[Exercise]: From the line containing "Bolul din silicon" through the last line of the material, copy every line exactly, both ends inclusive; do not copy pictures.

[Recorded information]:

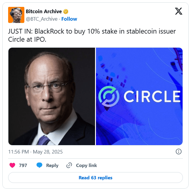 Circle co-founder Jeremy Allaire will sell 8% of his stake, while other executives and VCs plan to offload similar amounts. BlackRock has backed Circle since 2022 and manages part of USDC’s reserves via the Circle Reserve Fund. Circle’s valuation target is $5.43 billion, but it enters a volatile market shaped by Trump-era economic policy changes.
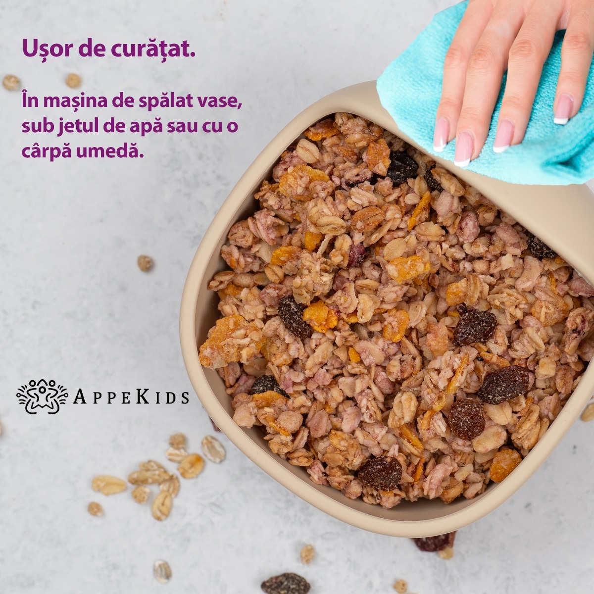 Bolul din silicon este un accesoriu indispensabil la inceputul diversificarii copilului. Este foarte important ca micutul sa experimenteze gusturi si texturi noi pentru ca, mai tarziu, sa fie integrat in minunata experienta de a lua masa in familie.
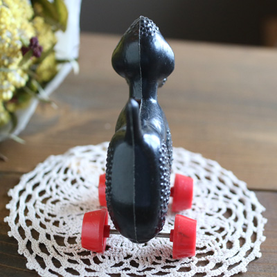 プラスチックのわんこ。 黒いプードルのようですね。 赤い目がポイントです。 足のコマもきちんと回ります。 ちょこんと飾ってあげてくださいね。 ※経年によるプレスチックの細かな傷があります。 また作りの荒い部分もあります。 vintage、USED品とご理解ください。 <サイズ>横幅7.2p H9.0cm 厚み4.5cm <買付国>チェコ <年代>不明 |

[Exercise result]:
 Bolul din silicon este un accesoriu indispensabil la inceputul diversificarii copilului. Este foarte important ca micutul sa experimenteze gusturi si texturi noi pentru ca, mai tarziu, sa fie integrat in minunata experienta de a lua masa in familie.
 プラスチックのわんこ。 黒いプードルのようですね。 赤い目がポイントです。 足のコマもきちんと回ります。 ちょこんと飾ってあげてくださいね。 ※経年によるプレスチックの細かな傷があります。 また作りの荒い部分もあります。 vintage、USED品とご理解ください。 <サイズ>横幅7.2p H9.0cm 厚み4.5cm <買付国>チェコ <年代>不明 |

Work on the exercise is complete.